Parrikar’s comments came a day after HT reported that he was set to become the BJP’s star campaigner for next year’s elections in Uttar Pradesh, where the party wants to showcase the government’s “decisiveness” in hitting militants inside Pakistan-occupied-Kashmir.
The defence minister also said India did not carry out any surgical strikes in the past, refuting claims by the Congress that its governments had ordered such precision attacks but never made those public to claim credit.
“What probably they are quoting are actions taken by border action teams, which is a common practice across globe including the Indian Army,” Parrikar said at a city event, adding such covert operations were not ordered by the government.
Earlier in the day, he set off a storm of protest from opposition groups by suggesting that, while the army deserved praise for the September 29 strikes, Prime Minister Narendra Modi should get most of the credit for ordering the attack, and he himself should get some of it.
“I don’t mind sharing the credit, including on surgical strike, with every countryman because it is done by our armed forces and not by any political party.

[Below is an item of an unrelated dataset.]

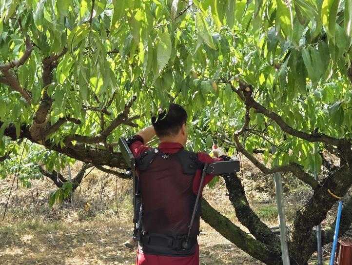 조끼형 구조로 설계된 이 장비는 반복적인 윗보기 작업이 많은 과수 전정·수확 과정에서 어깨 근력을 보조해 신체의 부담을 줄여주는 역할을 한다.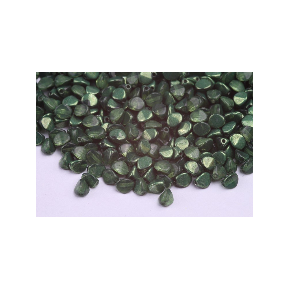 Zelená barva v hlubokém, sytém odstínu s jemným metalickým odleskem dělá z těchto skleněných korálků Pohanka naprostý unikát pro každou tvůrkyni. Tyto Pinch Beads o rozměru 5 x 5 mm pocházejí z rodinné dílny Rutkovský, Česká republika, kde se dodnes drží tradice pro ručně mačkané korálky. Baví mě na nich hlavně jejich specifický trojboký tvar, který v designu šperku vytváří zajímavou texturu a hloubku, kterou u běžných kulatých tvarů jen těžko dosáhnete.

“We in the government and I personally as the defence minister are happy to share the credit with the army, the 127 crore citizens and also those doubting Thomases,” he said at another function.
His comments come amid opposition claims that the government was trying to leverage the military action for political gains in states going to elections early next year, prompting Modi to ask his ministers and party leaders to desist from chest-thumping.
The Congress was quick to hit back, with spokesperson Randeep Singh Surjewala saying the BJP “publicly devalued the sacrifices” of armed forces and tried to make political capital out of it.
Parrikar also said surgical strikes might not be India’s only response to terrorist attacks in future but did not elaborate.
“Unpredictability is the key weapon,” he said, a day after Modi told a public rally in Lucknow that India doesn’t like war but sometimes it become inevitable.